(Data records)
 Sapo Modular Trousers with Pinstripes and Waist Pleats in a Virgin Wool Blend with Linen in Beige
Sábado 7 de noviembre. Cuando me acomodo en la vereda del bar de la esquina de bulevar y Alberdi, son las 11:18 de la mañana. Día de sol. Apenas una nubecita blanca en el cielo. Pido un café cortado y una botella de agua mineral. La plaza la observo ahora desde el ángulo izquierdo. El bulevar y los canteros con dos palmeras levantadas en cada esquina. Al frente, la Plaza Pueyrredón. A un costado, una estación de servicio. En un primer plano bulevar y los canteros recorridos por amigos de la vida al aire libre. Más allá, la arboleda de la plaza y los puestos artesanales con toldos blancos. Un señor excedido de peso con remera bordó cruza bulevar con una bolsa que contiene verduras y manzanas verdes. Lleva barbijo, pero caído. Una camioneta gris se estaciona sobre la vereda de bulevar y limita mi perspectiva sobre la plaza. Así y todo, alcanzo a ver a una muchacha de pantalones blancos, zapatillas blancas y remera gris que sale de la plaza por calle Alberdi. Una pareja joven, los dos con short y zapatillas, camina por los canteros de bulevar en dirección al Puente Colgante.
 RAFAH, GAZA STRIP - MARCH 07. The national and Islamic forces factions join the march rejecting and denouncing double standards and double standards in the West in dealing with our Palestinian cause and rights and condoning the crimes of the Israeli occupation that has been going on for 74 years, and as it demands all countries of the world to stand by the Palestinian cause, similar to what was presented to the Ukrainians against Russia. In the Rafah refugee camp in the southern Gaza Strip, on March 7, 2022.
(End Data records)
(Data records)
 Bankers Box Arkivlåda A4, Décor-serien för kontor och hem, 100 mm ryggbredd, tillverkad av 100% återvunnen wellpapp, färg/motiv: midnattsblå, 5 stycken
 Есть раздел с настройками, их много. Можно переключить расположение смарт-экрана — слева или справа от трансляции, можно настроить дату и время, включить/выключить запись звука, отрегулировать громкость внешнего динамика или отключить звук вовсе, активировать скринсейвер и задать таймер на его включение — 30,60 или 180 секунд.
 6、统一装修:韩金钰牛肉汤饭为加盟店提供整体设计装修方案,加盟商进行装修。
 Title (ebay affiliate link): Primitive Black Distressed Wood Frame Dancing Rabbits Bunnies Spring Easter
(End Data records)
(Data records)
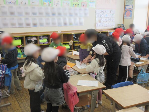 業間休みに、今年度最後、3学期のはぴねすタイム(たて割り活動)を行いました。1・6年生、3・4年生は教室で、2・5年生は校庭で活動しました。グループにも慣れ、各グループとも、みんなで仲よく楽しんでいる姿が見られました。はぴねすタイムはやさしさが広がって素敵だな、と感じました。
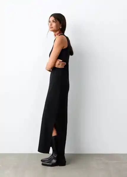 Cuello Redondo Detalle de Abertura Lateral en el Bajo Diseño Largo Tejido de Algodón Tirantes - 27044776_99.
(End Data records)
### Exercise aim
The expected result is every line from the material above that includes "with".

### Reply to the task
 Sapo Modular Trousers with Pinstripes and Waist Pleats in a Virgin Wool Blend with Linen in Beige
 RAFAH, GAZA STRIP - MARCH 07. The national and Islamic forces factions join the march rejecting and denouncing double standards and double standards in the West in dealing with our Palestinian cause and rights and condoning the crimes of the Israeli occupation that has been going on for 74 years, and as it demands all countries of the world to stand by the Palestinian cause, similar to what was presented to the Ukrainians against Russia. In the Rafah refugee camp in the southern Gaza Strip, on March 7, 2022.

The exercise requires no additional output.